## Records for this exercise:
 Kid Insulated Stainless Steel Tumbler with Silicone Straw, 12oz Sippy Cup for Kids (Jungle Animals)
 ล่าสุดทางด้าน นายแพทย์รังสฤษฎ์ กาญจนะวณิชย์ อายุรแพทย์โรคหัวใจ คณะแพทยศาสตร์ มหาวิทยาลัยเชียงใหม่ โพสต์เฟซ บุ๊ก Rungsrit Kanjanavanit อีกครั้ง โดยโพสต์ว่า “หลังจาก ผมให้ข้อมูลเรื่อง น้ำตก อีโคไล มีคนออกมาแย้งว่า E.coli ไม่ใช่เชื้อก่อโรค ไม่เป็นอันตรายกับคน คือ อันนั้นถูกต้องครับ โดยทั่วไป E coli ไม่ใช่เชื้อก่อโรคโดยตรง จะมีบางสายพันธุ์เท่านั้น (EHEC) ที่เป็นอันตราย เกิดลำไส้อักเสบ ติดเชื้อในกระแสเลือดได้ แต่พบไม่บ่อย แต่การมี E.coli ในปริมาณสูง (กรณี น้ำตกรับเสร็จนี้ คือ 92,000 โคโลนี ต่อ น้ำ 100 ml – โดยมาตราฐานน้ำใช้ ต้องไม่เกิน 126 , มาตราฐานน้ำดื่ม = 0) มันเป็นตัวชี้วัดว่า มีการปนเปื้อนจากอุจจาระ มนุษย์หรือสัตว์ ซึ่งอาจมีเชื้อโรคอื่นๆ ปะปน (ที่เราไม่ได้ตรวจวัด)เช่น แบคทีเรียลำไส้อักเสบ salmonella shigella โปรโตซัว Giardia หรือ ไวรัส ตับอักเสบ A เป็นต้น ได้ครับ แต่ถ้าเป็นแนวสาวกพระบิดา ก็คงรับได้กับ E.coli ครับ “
==
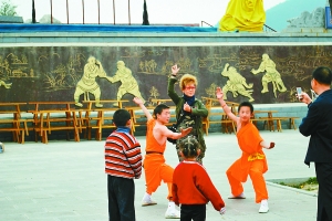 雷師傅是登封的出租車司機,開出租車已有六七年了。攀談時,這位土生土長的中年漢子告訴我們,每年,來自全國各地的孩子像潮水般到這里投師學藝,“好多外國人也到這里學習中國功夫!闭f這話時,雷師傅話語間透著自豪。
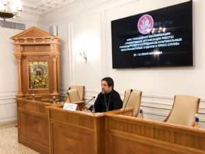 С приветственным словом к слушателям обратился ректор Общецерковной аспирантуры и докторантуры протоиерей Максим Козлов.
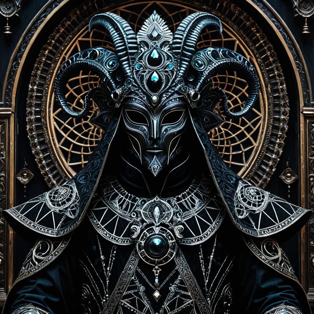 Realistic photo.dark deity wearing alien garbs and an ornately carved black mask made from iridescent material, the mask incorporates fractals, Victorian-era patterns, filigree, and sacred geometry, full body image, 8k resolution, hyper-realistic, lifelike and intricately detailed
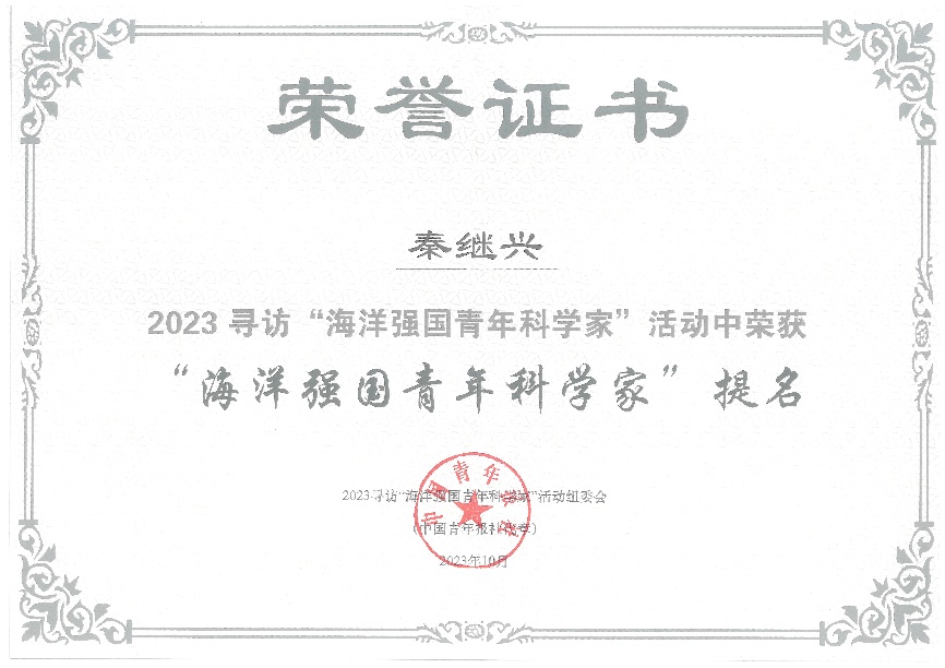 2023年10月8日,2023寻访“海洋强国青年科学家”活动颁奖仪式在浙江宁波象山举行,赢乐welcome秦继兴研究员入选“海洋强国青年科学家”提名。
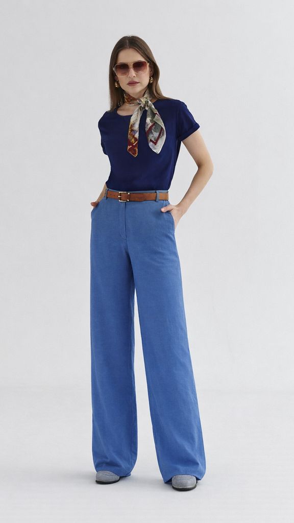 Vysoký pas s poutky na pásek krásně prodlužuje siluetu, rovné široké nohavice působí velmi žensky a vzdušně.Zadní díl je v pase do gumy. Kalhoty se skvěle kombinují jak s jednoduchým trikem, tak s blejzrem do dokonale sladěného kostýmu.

## Instructions to follow:
In the listing above, transcribe exactly everything from the line containing "Kid Insulated Stainless" down to the line containing "ล่าสุดทางด้าน นายแพทย์รังสฤษฎ์ กาญจนะวณิชย์", including both and nothing more.

## Written solution:
 Kid Insulated Stainless Steel Tumbler with Silicone Straw, 12oz Sippy Cup for Kids (Jungle Animals)
 ล่าสุดทางด้าน นายแพทย์รังสฤษฎ์ กาญจนะวณิชย์ อายุรแพทย์โรคหัวใจ คณะแพทยศาสตร์ มหาวิทยาลัยเชียงใหม่ โพสต์เฟซ บุ๊ก Rungsrit Kanjanavanit อีกครั้ง โดยโพสต์ว่า “หลังจาก ผมให้ข้อมูลเรื่อง น้ำตก อีโคไล มีคนออกมาแย้งว่า E.coli ไม่ใช่เชื้อก่อโรค ไม่เป็นอันตรายกับคน คือ อันนั้นถูกต้องครับ โดยทั่วไป E coli ไม่ใช่เชื้อก่อโรคโดยตรง จะมีบางสายพันธุ์เท่านั้น (EHEC) ที่เป็นอันตราย เกิดลำไส้อักเสบ ติดเชื้อในกระแสเลือดได้ แต่พบไม่บ่อย แต่การมี E.coli ในปริมาณสูง (กรณี น้ำตกรับเสร็จนี้ คือ 92,000 โคโลนี ต่อ น้ำ 100 ml – โดยมาตราฐานน้ำใช้ ต้องไม่เกิน 126 , มาตราฐานน้ำดื่ม = 0) มันเป็นตัวชี้วัดว่า มีการปนเปื้อนจากอุจจาระ มนุษย์หรือสัตว์ ซึ่งอาจมีเชื้อโรคอื่นๆ ปะปน (ที่เราไม่ได้ตรวจวัด)เช่น แบคทีเรียลำไส้อักเสบ salmonella shigella โปรโตซัว Giardia หรือ ไวรัส ตับอักเสบ A เป็นต้น ได้ครับ แต่ถ้าเป็นแนวสาวกพระบิดา ก็คงรับได้กับ E.coli ครับ “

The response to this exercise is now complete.